The church's greatest treasure is certainly the Nelond memorial brass. It is considered the finest brass in Sussex and one of the finest in the country. Certainly, at a length of over 10 feet it is the largest Sussex brass. Mounted on the nave floor and permanently locked beneath a carpet for its own protection, it shows Thomas Nelond, Prior of Lewes from 1414 to 1432, life size in his Cluniac habit. Its triple canopy, "one of the finest in existence", depicts St Pancras, the Virgin and Child, and St Thomas Becket, all of whom are connected with Nelond's hands by three scrolls representing his prayers. The brass was made in London for Lewes Priory, and was probably moved from there to Cowfold at the Dissolution.

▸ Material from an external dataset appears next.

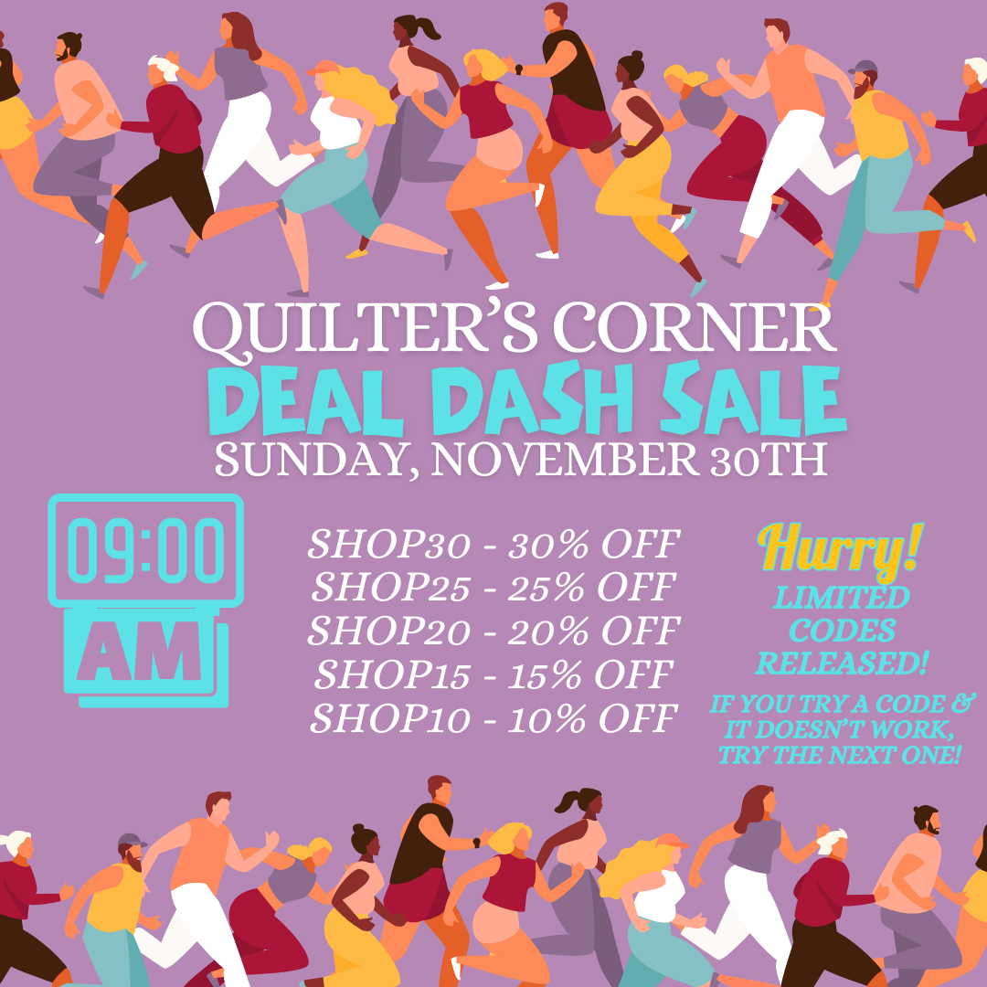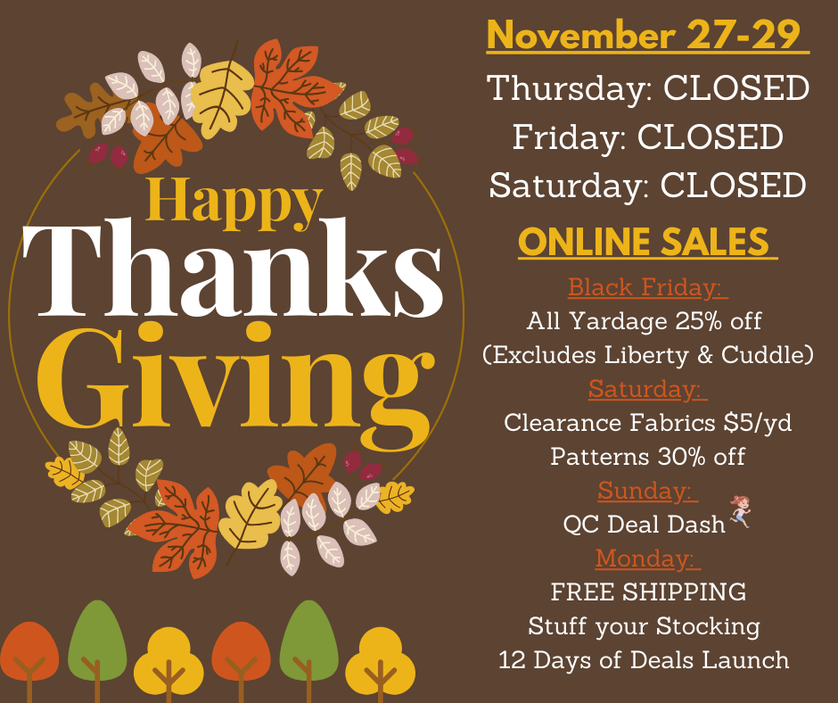 We’ll be taking a little break to spend time with family and refill our bobbins — so Quilter’s Corner will be closed Thanksgiving Day, Black Friday, and Small Business Saturday.

There is also a second brass, much smaller, commemorating one John Agate (died 1548). The later monuments include one in the form of a draped sarcophagus by Sir Francis Chantrey.

== Parish registers ==

The baptism, marriage and burial registers survive from 1558 onward, the only major gaps being for the years 1634–1635 and 1643–1648. They are held by the West Sussex Record Office along with the banns registers from 1824 and the Bishops' Transcripts from 1606.

== The church today ==

St Peter's, Cowfold is now joined with Holy Trinity, Lower Beeding and St John's, Coolhurst in a united benefice. Services are held at 10.00 a.m. on most Sundays, and at 8.00 a.m. on the second and fourth Sundays of every month. 50 people attended an Easter Day service in 2023, and 253 a Christmas one. The church is open every day for visitors.